Investigation of keyboard digraphs informational parameters for keystroke-based identification tasks of computer networks users
DOI:
https://doi.org/10.30837/rt.2020.2.201.19Keywords:
information security, authentication, keystroke, keystroke digraph, multi-factor classification, random forest classifierAbstract
The accuracy of keystroke based authentication methods for computer networks users is determined by a number of factors, the main of which are: user classification algorithm, number of experiment participants with different keystroke experience, method of data entry and hardware platform on which authentication systems testing is performed. Another very important factor, namely, the kind of timing features of keystorke, on the basis of which user profiles are built, is very often not taken into account.

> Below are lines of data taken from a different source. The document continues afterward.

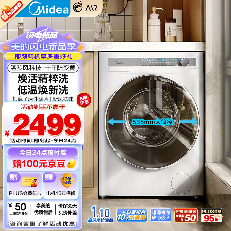 美的(Midea)滚筒洗衣机全自动家用 MG100AIR1 10公斤超薄自由嵌 AIR 焕活精粹洗 1.1洗净比 银离子活性除菌价格:2499.00元!
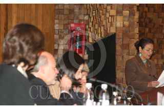 MEXICO D.F. 06MARZO2006.- Eduardo Sojo Aldape, Coordinador de Políticas Públicas, y María de Lourdes Aranda Bezaury de la Secretaria de Relaciones Exteriores, durante el Foro de Oportunidades en la Relación Económica y Comercial entre China y México y su Contexto Latinoamericano en la Secretaria de Relaciones Exteriores. FOTO: Diego Gallegos/CUARTOSCURO.COM
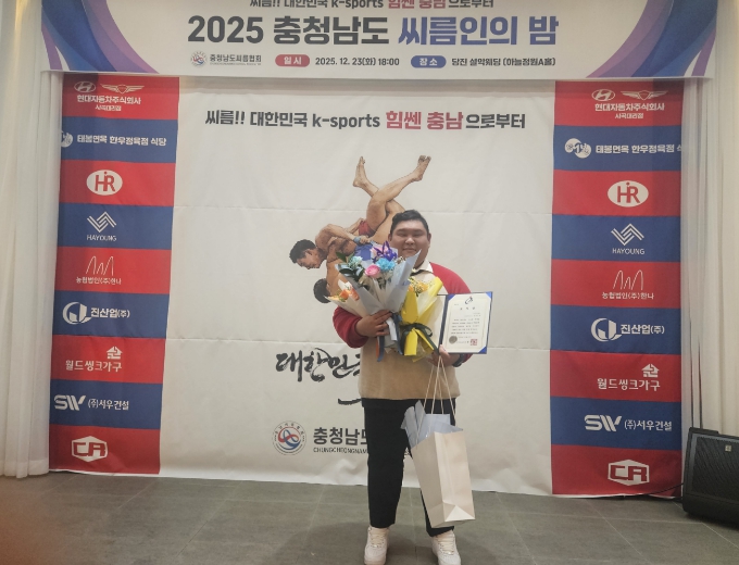 [무한뉴스=정민정 기자] 지난 23일 충남 당진시 A웨딩홀에서 열린 '2025년 충남 씨름인의 밤' 행사에서 청양초등학교 김민규(38) 씨름 감독이 충남교육감 표창을 수상하며 큰 주목을 받았다.

In the first part of the work the different timing features of keystroke are analyzed. Three main classes are identified: timing features of keyboard monographs, timing features of consecutive keyboard events and integral features of typing. Given the accuracy of authentication and the required volume of training and authentication samples, 4 timing features of keyboard monographs (2 absolute and 2 relative) and 15 timing features of keyboard digraphs (3 absolute and 12 relative) were selected as experimental informative parameters of keystroke.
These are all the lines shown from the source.